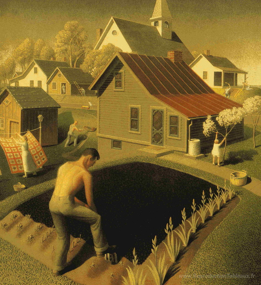 Nous vous proposons une reproduction artisanale sur toile du célèbre tableau 'Printemps en ville' de Grant Wood, provenant du Musée de la Reproduction.
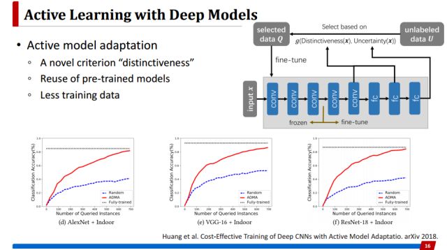 最后一方面,随着学习模型变得越来越复杂,会不会对主动学习提出新的要求?这个工作是我们最近提出来的工作,它所考虑的是,虽然深度神经网络在很多方面都取得了成功,但是当去解决新的任务的时候,需要丰富的经验去设计网络结构,调参数,需要很多的训练数据去训练它。我们希望用一些已经预训练好的模型,在这个模型上用很少的训练数据,把它从预训练的任务上迁移过来,在新的任务上也取得很好的效果。以往的主动学习往往关注的是挑出来的样本是对于提升分类效果最有帮助的,但是深度学习大家都知道它的非常强大能力在于学习出好的特征表示。所以我们定义了一个新的指标distinctiveness,这个指标衡量的是一个样本,在提升深度神经网络特征学习能力方面的作用大小,这是跟以往主动学习所不一样的。从实验结果中可以看到,通过基于distinctiveness的主动选择,在很多模型上用很少数据就可以将预训练好的深度神经网络模型迁移到一个新的任务上并得到很好的效果。
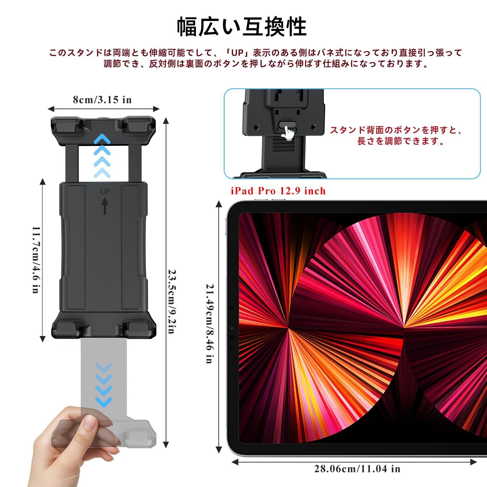 【タブレット&スマホ対応】このタブレットスタンドは7〜13インチのタブレットだけでなく、5〜7インチのスマートフォンにも対応しています。(iPgalaxy tabホルダーの両端は伸縮可能で、「UP」と表示された側は背面のボタンを押すことで伸ばすことができます。滑り止めパッド付きの4つの爪で、大切なデバイスをしっかりと固定し、傷からも守ります。
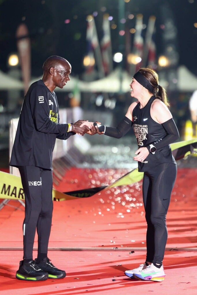 พระราชินี ทรงวิ่ง ฮาล์ฟมาราธอน ร่วมกับ เอเลียด คิปโชเก้ ทรงใช้เวลา ๒.๑๓ ชม. เข้าเส้นชัย
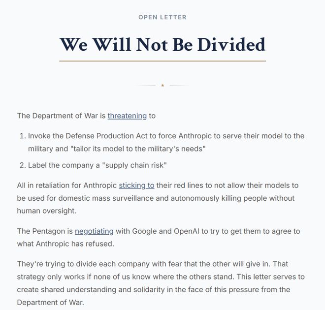 在奥特曼公开发声之前,OpenAI 和谷歌内部就涌动着对 Anthropic 的强烈同情与支持。在 2 月 26 日,数百名来自 OpenAI 和谷歌的员工联合签署了一封名为《我们不会被分裂》(We Will Not Be Divided)的公开信,声援 Anthropic 的立场。
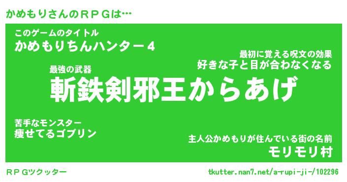 | ファンタジー風あだ名 | 『カメフェル』『エターナルカメモリー』 |
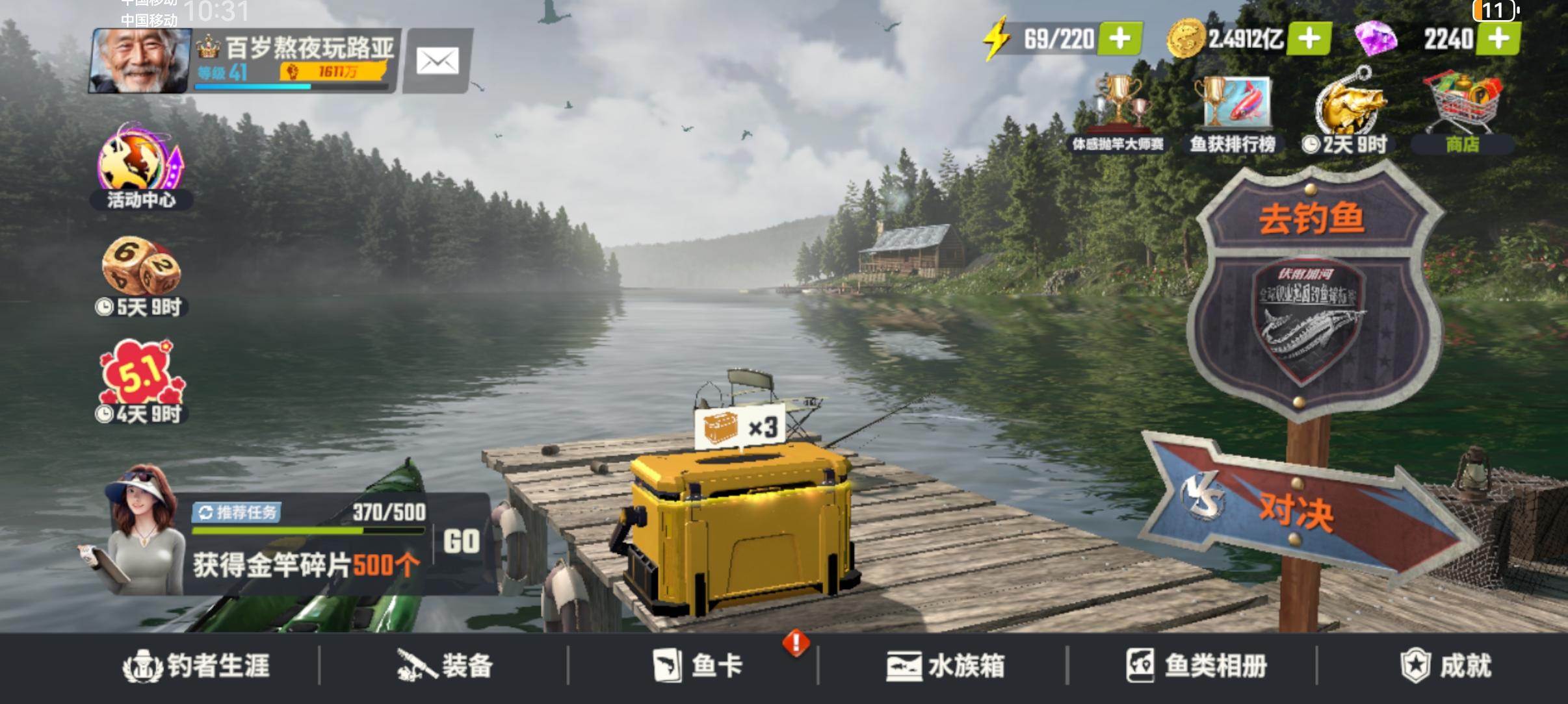 今天下午每次进决斗都打不了,一直卡在那个节目,我上次打决斗时是对面钓了1分多钟就不钓了,时间到了也一直卡在那个界面,钓鱼可以就是打不了决斗

+ + + + +

Reproduce the final stretch of lines exactly: the line containing "พระราชินี ทรงวิ่ง ฮาล์ฟมาราธอน" through the last line of the data, both included. Pictures do not belong in the copy.

- Result
 พระราชินี ทรงวิ่ง ฮาล์ฟมาราธอน ร่วมกับ เอเลียด คิปโชเก้ ทรงใช้เวลา ๒.๑๓ ชม. เข้าเส้นชัย
 在奥特曼公开发声之前,OpenAI 和谷歌内部就涌动着对 Anthropic 的强烈同情与支持。在 2 月 26 日,数百名来自 OpenAI 和谷歌的员工联合签署了一封名为《我们不会被分裂》(We Will Not Be Divided)的公开信,声援 Anthropic 的立场。
 | ファンタジー風あだ名 | 『カメフェル』『エターナルカメモリー』 |
 今天下午每次进决斗都打不了,一直卡在那个节目,我上次打决斗时是对面钓了1分多钟就不钓了,时间到了也一直卡在那个界面,钓鱼可以就是打不了决斗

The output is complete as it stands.